═════ Listed records
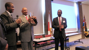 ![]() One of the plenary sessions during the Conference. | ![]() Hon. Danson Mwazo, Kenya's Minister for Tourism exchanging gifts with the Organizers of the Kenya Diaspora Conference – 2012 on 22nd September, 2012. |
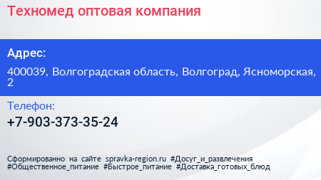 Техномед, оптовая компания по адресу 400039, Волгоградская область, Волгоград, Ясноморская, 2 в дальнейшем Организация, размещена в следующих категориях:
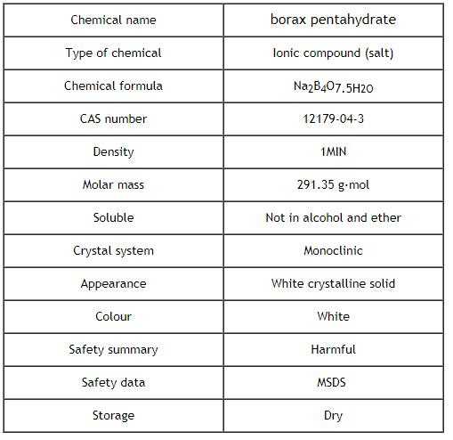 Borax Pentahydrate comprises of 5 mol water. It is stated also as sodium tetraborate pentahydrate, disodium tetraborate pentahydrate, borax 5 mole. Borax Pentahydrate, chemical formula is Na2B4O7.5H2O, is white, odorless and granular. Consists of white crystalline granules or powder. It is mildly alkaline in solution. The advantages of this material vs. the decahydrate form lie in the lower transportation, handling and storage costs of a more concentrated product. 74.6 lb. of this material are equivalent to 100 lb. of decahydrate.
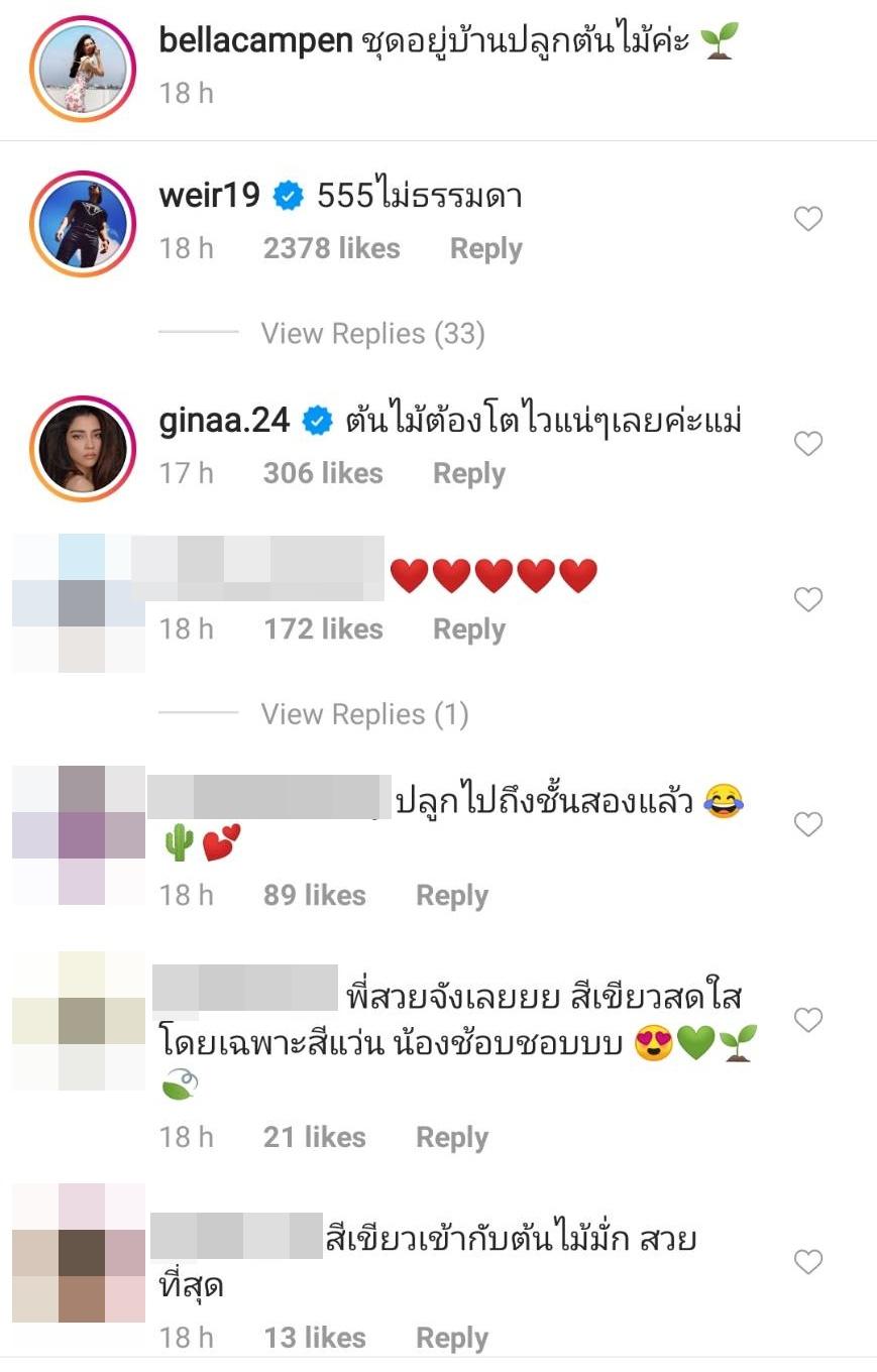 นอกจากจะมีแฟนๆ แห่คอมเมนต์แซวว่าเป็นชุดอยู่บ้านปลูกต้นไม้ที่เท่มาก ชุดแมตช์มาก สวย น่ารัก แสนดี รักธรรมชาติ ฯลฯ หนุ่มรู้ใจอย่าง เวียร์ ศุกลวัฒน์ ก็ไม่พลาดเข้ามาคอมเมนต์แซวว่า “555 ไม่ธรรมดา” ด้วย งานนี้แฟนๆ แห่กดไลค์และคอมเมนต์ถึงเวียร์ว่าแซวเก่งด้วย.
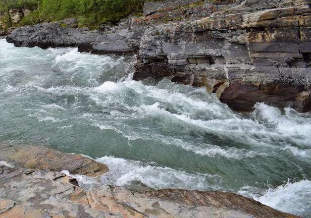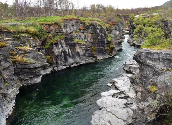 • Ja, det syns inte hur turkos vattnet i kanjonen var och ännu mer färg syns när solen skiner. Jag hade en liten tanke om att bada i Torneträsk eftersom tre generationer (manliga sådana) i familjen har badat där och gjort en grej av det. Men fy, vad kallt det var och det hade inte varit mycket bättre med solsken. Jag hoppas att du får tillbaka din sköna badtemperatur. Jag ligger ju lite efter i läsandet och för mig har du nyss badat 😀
══════════
Please repeat the entries exactly. Do not include the pictures.

Exercise result:
 ![]() One of the plenary sessions during the Conference. | ![]() Hon. Danson Mwazo, Kenya's Minister for Tourism exchanging gifts with the Organizers of the Kenya Diaspora Conference – 2012 on 22nd September, 2012. |
 Техномед, оптовая компания по адресу 400039, Волгоградская область, Волгоград, Ясноморская, 2 в дальнейшем Организация, размещена в следующих категориях:
 Borax Pentahydrate comprises of 5 mol water. It is stated also as sodium tetraborate pentahydrate, disodium tetraborate pentahydrate, borax 5 mole. Borax Pentahydrate, chemical formula is Na2B4O7.5H2O, is white, odorless and granular. Consists of white crystalline granules or powder. It is mildly alkaline in solution. The advantages of this material vs. the decahydrate form lie in the lower transportation, handling and storage costs of a more concentrated product. 74.6 lb. of this material are equivalent to 100 lb. of decahydrate.
 นอกจากจะมีแฟนๆ แห่คอมเมนต์แซวว่าเป็นชุดอยู่บ้านปลูกต้นไม้ที่เท่มาก ชุดแมตช์มาก สวย น่ารัก แสนดี รักธรรมชาติ ฯลฯ หนุ่มรู้ใจอย่าง เวียร์ ศุกลวัฒน์ ก็ไม่พลาดเข้ามาคอมเมนต์แซวว่า “555 ไม่ธรรมดา” ด้วย งานนี้แฟนๆ แห่กดไลค์และคอมเมนต์ถึงเวียร์ว่าแซวเก่งด้วย.
 • Ja, det syns inte hur turkos vattnet i kanjonen var och ännu mer färg syns när solen skiner. Jag hade en liten tanke om att bada i Torneträsk eftersom tre generationer (manliga sådana) i familjen har badat där och gjort en grej av det. Men fy, vad kallt det var och det hade inte varit mycket bättre med solsken. Jag hoppas att du får tillbaka din sköna badtemperatur. Jag ligger ju lite efter i läsandet och för mig har du nyss badat 😀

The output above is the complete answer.